- _Entries taken from a collection_
══════════
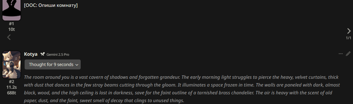 Единственный плюс: у гемини отличный русский, но я всегда рпшу на английском, так что мне это не очень важно. Ну и гемини знает много сеттингов, что очень интересно, но всё вышеперечисленное нивилирует эти плюсы.
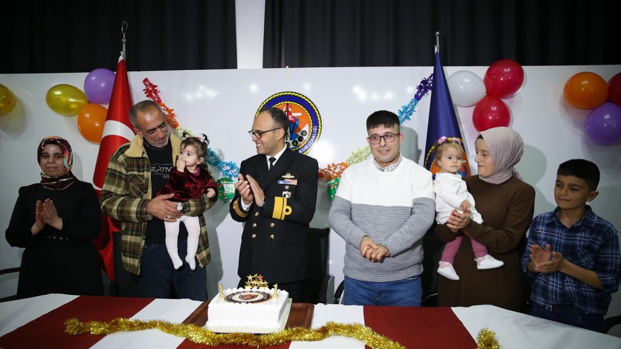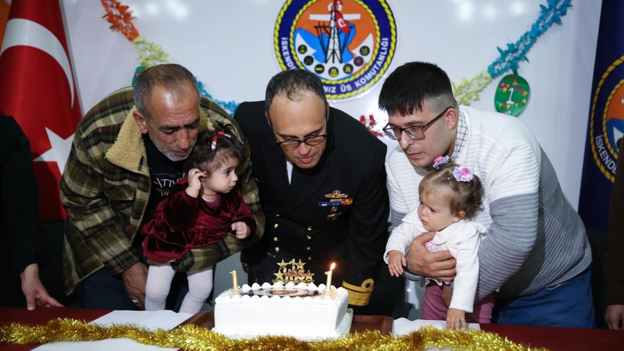 Açıkbaş ve Aytekin aileleri, depremlerde yüzer hastaneye dönüştürülerek Dörtyol ilçesi MMK Metalurji Limanı`na demirleyen ve 119 gün bölgede görev alan Türk Silahlı Kuvvetlerinin (TSK) çıkarma gemisi TCG Bayraktar`da dünyaya gelen bebekleri için düzenlenen sürpriz doğum gününde bir araya geldi.
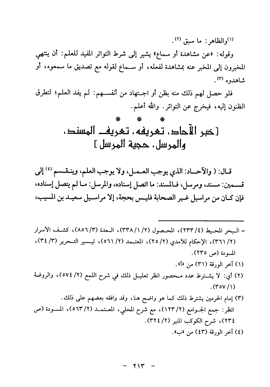 [خبر الْآحَاد، تَعْرِيفه، تَعْرِيف الْمسند، والمرسل، حجية الْمُرْسل]
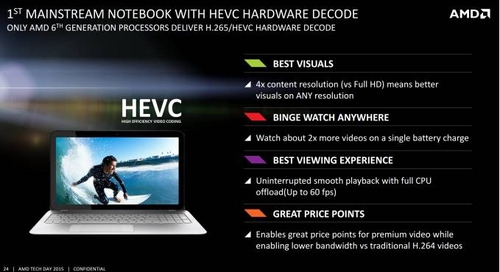 Мобильная линейка также включает в себя четырехъядерный процессор AMD PRO A8 и A10 со встроенной видеокартой Radeon R6. Каждый из новых процессоров с кодовым названием Carrizo PRO также поддерживает технологию ARM TrustZone и HEVC видео-декодер.
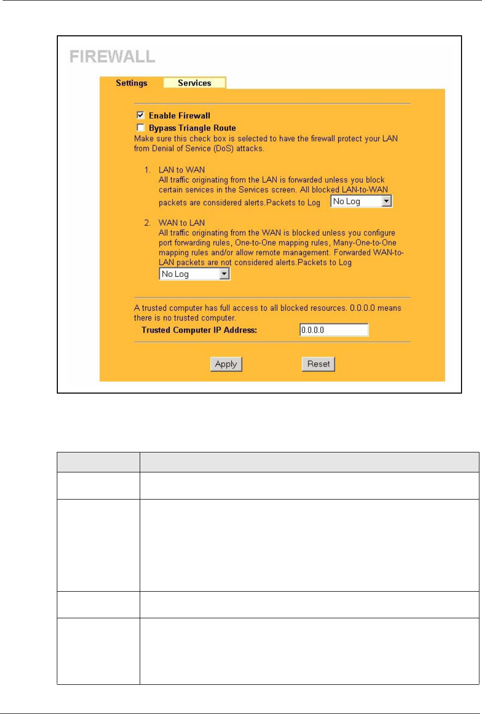 Enable Firewall Select this check box to activate the firewall. The Prestige performs access control
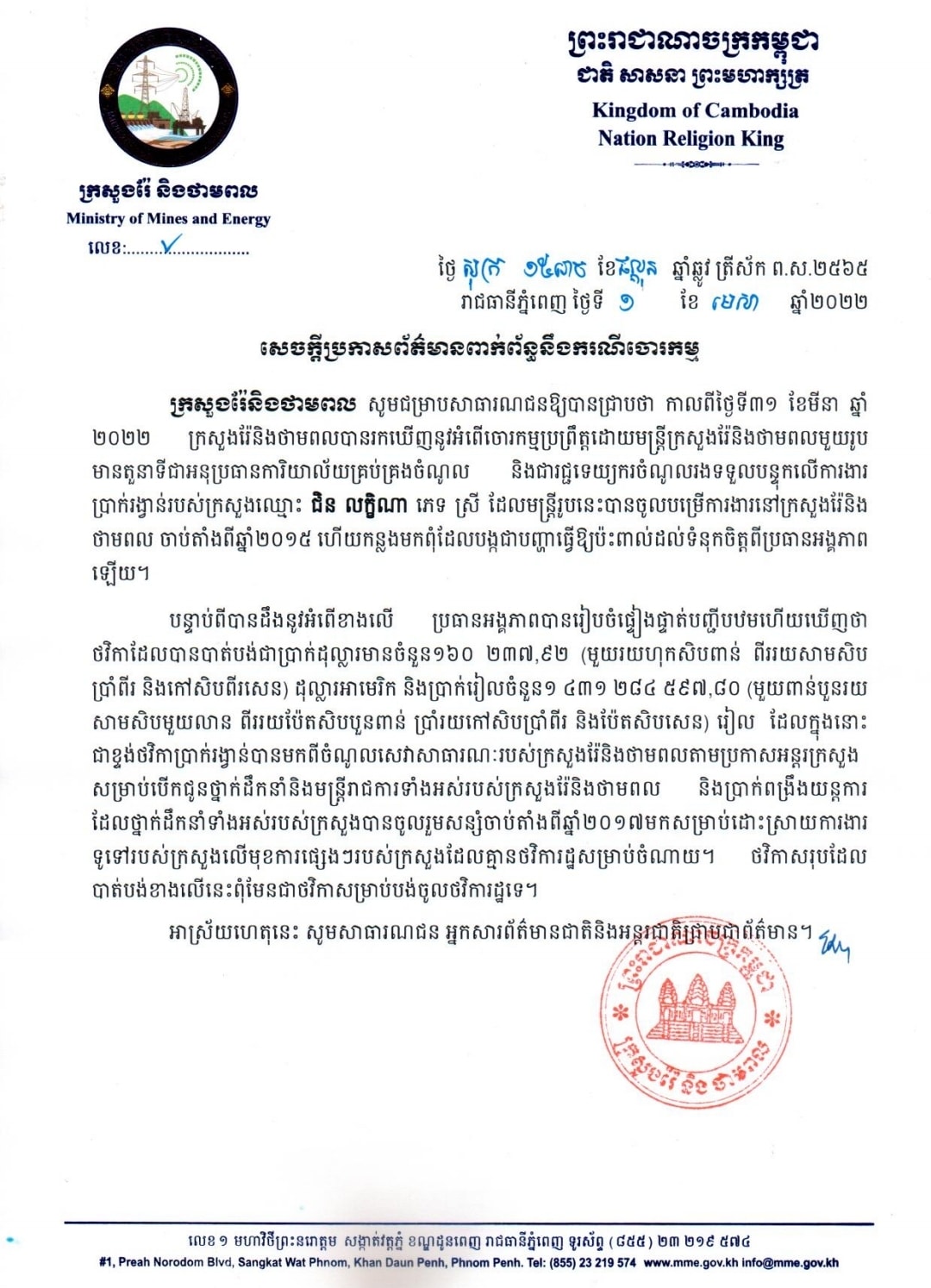 ក្រសួងរ៉ែនិងថាមពល សូមជម្រាបសាធារណជនឲ្យបានជ្រាបថា កាលពីថ្ងៃទី៣១ ខែមីនា ឆ្នាំ២០២២ ក្រសួងរ៉ែ និងថាមពល បានរកឃើញនូវអំពីចោរកម្មប្រព្រឹត្តិដោយមន្ត្រីក្រសួងរ៉ែ និងថាមពលមួយរូបមានតួនាទី ជាអនុប្រធានការិយាល័យគ្រប់គ្រងចំណូល និងជារជ្ជទេយ្យករចំណូលរងទទួលបន្ទុកលើការងារប្រាក់រង្វាន់របស់ក្រសួងឈ្មោះ ជិន លក្ខិណា ភេទស្រី ដែលមន្ត្រីរូបនេះបានចូលបម្រើការងារនៅក្រសួងរ៉ែនិងថាមពល ចាប់ពីឆ្នាំ២០១៥ ហើយកន្លងមកពុំដែលបង្កបញ្ហាធ្វើឲ្យប៉ះពាល់ដល់ទំនុកចិត្តពីប្រធានអង្គភាពឡើយ។
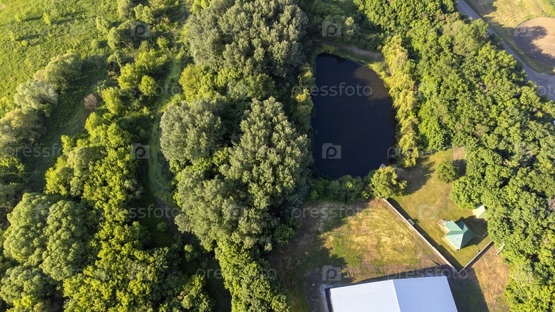 Небольшой пруд возле здания в зеленом лесу вид сверху. деревня. лес. отдых. воздушный зеленый пейзаж
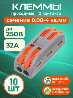 Клемма соединительная проходная ваго 2 х пров 10 шт
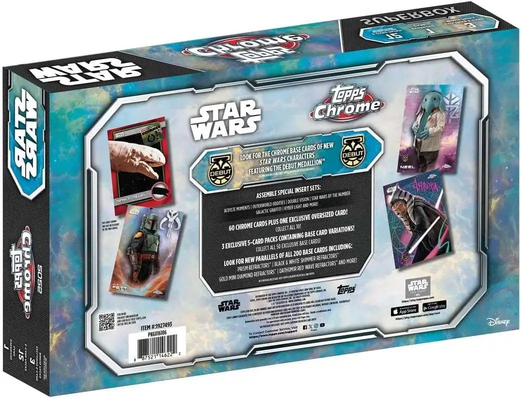 Star Wars Topps 2025 Chrome Exclusive Trading Card SUPER Box [15 Packs + 1 Oversized Card] has successfully been added to your cart!
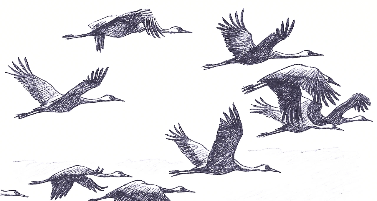 어느새 강 위로 날아오른 철새들이 제 페달링과 호흡을 맞추며, 한순간 동료가 된 듯 옆에서 나란히 날고 있었습니다. 저녁노을로 붉게 타오르는 코스모스와 은빛 억새는 바람에 흔들리며 길을 따라 물결치고, 그 위로 날아오르는 새들은 마치 하늘에 새겨진 악보의 음표 같았습니다. 꽃잎 하나, 날갯짓 하나가 바람에 닿을 때마다, 시간은 느리게 흘렀고, 그 장면은 마치 멈춰 선 풍경처럼 제 안에 머물렀습니다. 땅과 하늘이 맞닿은 그 자리에서, 나는 잠시 자유가 되었습니다. [주 1]
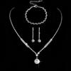 Jóias para Fotografia de Casamento Requintado Redondo Versátil Banhado a Prata Colar com Pingente Brincos Clipes de Orelha Conjunto de Pulseira Jóias
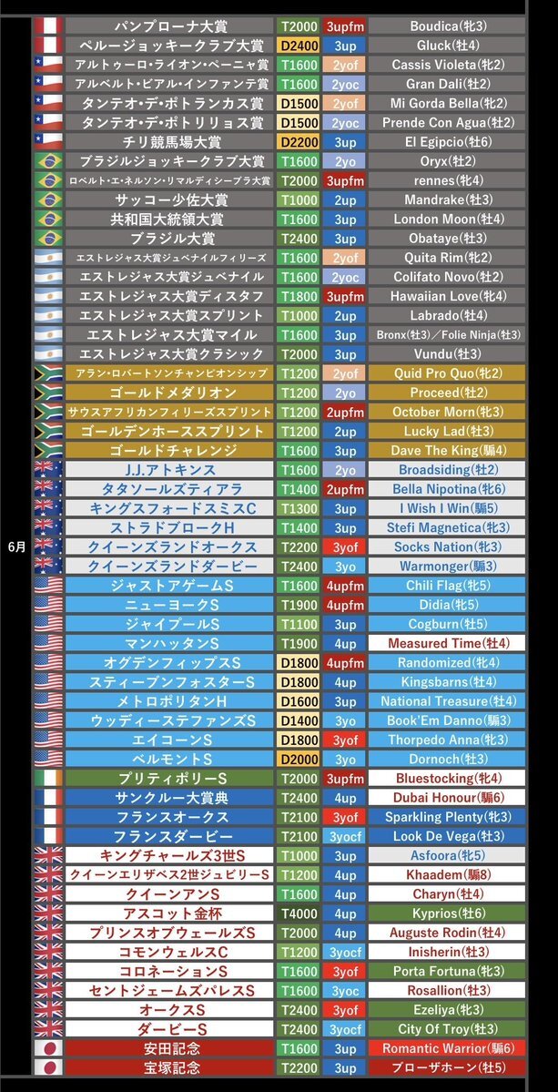 2024年6月の国際G1競走。英仏ダービーやアルゼンチンのBCことエストレジャス大賞など、各国でG1が目白押し。 数えると、この月はG1が55競走となり、11月と並びこの年で最もG1の多い月となった。 国内では、ロマンチックウォリアーの安田記念が印象的。 外国調教馬の安田記念制覇は実に18年ぶりだった。 pic.x.com/XAaLgGQvxm x.com/ukdhkRCXvQ9978…
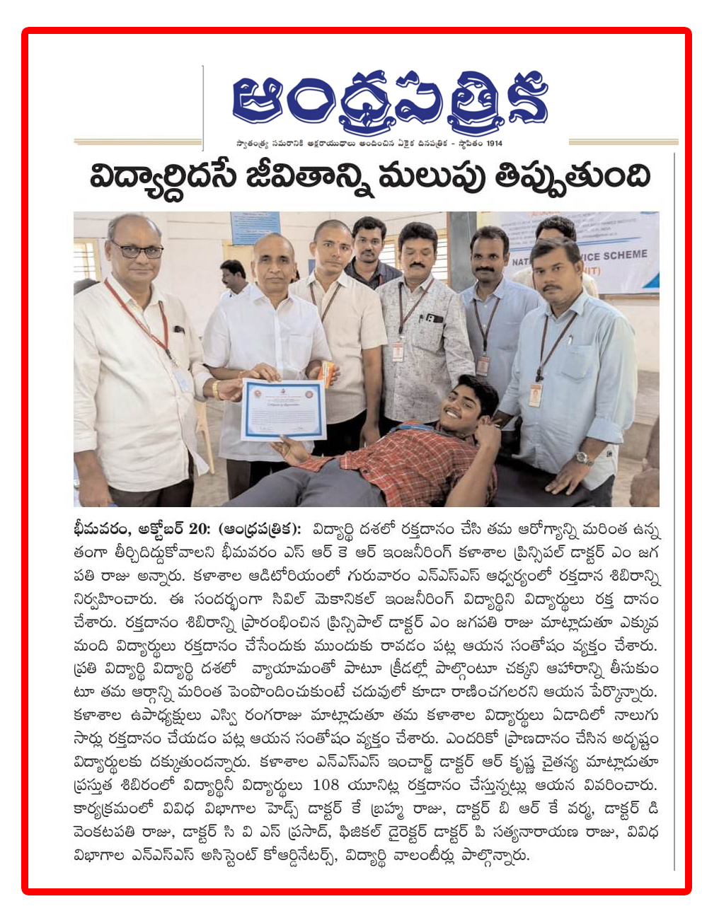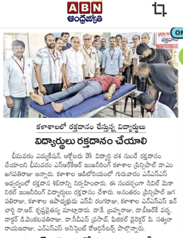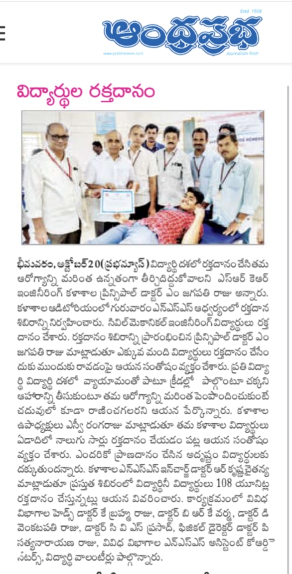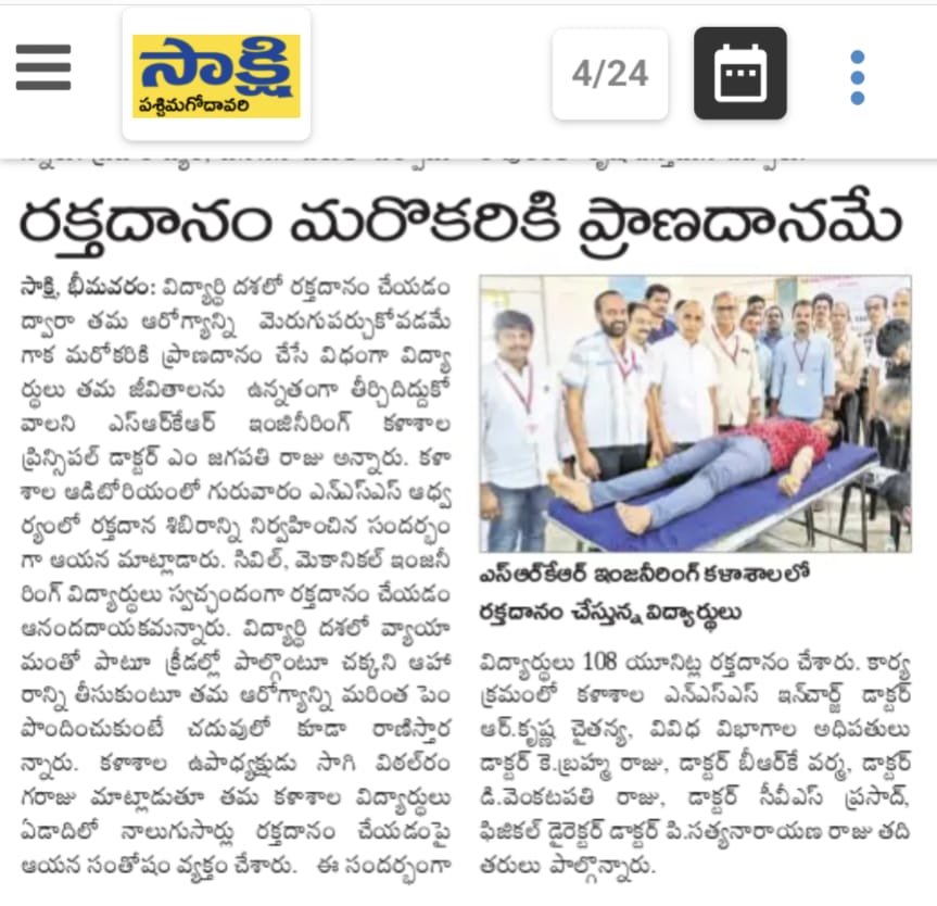 The NSS Unit at SRKR Engg College had conducted a Blood Donation Camp where the Civil and Mechanical Engineering Students had donated the blood for a noble cause. Principal of SRKR, Dr. M. Jagapathi Raju had said that students should inculcate the habit of donating the blood right from the childhood. Vice President of SRKR, Mr. SV Ranga Raju, College NSS Coordinator Dr. Krishna Chaitanya, HOD’s Dr. Brahma Raju, Dr. Varma, Dr. Venkatapathi Raju, Dr. Prasad, Physical Education Department staff etc. took part in this programme.
══════════
- _EXERCISE_
An exact transcription of the records above is needed, with no pictures included.

- _RESPONSE AREA_
 Единственный плюс: у гемини отличный русский, но я всегда рпшу на английском, так что мне это не очень важно. Ну и гемини знает много сеттингов, что очень интересно, но всё вышеперечисленное нивилирует эти плюсы.
 Açıkbaş ve Aytekin aileleri, depremlerde yüzer hastaneye dönüştürülerek Dörtyol ilçesi MMK Metalurji Limanı`na demirleyen ve 119 gün bölgede görev alan Türk Silahlı Kuvvetlerinin (TSK) çıkarma gemisi TCG Bayraktar`da dünyaya gelen bebekleri için düzenlenen sürpriz doğum gününde bir araya geldi.
 [خبر الْآحَاد، تَعْرِيفه، تَعْرِيف الْمسند، والمرسل، حجية الْمُرْسل]
 Мобильная линейка также включает в себя четырехъядерный процессор AMD PRO A8 и A10 со встроенной видеокартой Radeon R6. Каждый из новых процессоров с кодовым названием Carrizo PRO также поддерживает технологию ARM TrustZone и HEVC видео-декодер.
 Enable Firewall Select this check box to activate the firewall. The Prestige performs access control
 ក្រសួងរ៉ែនិងថាមពល សូមជម្រាបសាធារណជនឲ្យបានជ្រាបថា កាលពីថ្ងៃទី៣១ ខែមីនា ឆ្នាំ២០២២ ក្រសួងរ៉ែ និងថាមពល បានរកឃើញនូវអំពីចោរកម្មប្រព្រឹត្តិដោយមន្ត្រីក្រសួងរ៉ែ និងថាមពលមួយរូបមានតួនាទី ជាអនុប្រធានការិយាល័យគ្រប់គ្រងចំណូល និងជារជ្ជទេយ្យករចំណូលរងទទួលបន្ទុកលើការងារប្រាក់រង្វាន់របស់ក្រសួងឈ្មោះ ជិន លក្ខិណា ភេទស្រី ដែលមន្ត្រីរូបនេះបានចូលបម្រើការងារនៅក្រសួងរ៉ែនិងថាមពល ចាប់ពីឆ្នាំ២០១៥ ហើយកន្លងមកពុំដែលបង្កបញ្ហាធ្វើឲ្យប៉ះពាល់ដល់ទំនុកចិត្តពីប្រធានអង្គភាពឡើយ។
 Небольшой пруд возле здания в зеленом лесу вид сверху. деревня. лес. отдых. воздушный зеленый пейзаж
 Клемма соединительная проходная ваго 2 х пров 10 шт
 Star Wars Topps 2025 Chrome Exclusive Trading Card SUPER Box [15 Packs + 1 Oversized Card] has successfully been added to your cart!
 어느새 강 위로 날아오른 철새들이 제 페달링과 호흡을 맞추며, 한순간 동료가 된 듯 옆에서 나란히 날고 있었습니다. 저녁노을로 붉게 타오르는 코스모스와 은빛 억새는 바람에 흔들리며 길을 따라 물결치고, 그 위로 날아오르는 새들은 마치 하늘에 새겨진 악보의 음표 같았습니다. 꽃잎 하나, 날갯짓 하나가 바람에 닿을 때마다, 시간은 느리게 흘렀고, 그 장면은 마치 멈춰 선 풍경처럼 제 안에 머물렀습니다. 땅과 하늘이 맞닿은 그 자리에서, 나는 잠시 자유가 되었습니다. [주 1]
 Jóias para Fotografia de Casamento Requintado Redondo Versátil Banhado a Prata Colar com Pingente Brincos Clipes de Orelha Conjunto de Pulseira Jóias
 2024年6月の国際G1競走。英仏ダービーやアルゼンチンのBCことエストレジャス大賞など、各国でG1が目白押し。 数えると、この月はG1が55競走となり、11月と並びこの年で最もG1の多い月となった。 国内では、ロマンチックウォリアーの安田記念が印象的。 外国調教馬の安田記念制覇は実に18年ぶりだった。 pic.x.com/XAaLgGQvxm x.com/ukdhkRCXvQ9978…
 The NSS Unit at SRKR Engg College had conducted a Blood Donation Camp where the Civil and Mechanical Engineering Students had donated the blood for a noble cause. Principal of SRKR, Dr. M. Jagapathi Raju had said that students should inculcate the habit of donating the blood right from the childhood. Vice President of SRKR, Mr. SV Ranga Raju, College NSS Coordinator Dr. Krishna Chaitanya, HOD’s Dr. Brahma Raju, Dr. Varma, Dr. Venkatapathi Raju, Dr. Prasad, Physical Education Department staff etc. took part in this programme.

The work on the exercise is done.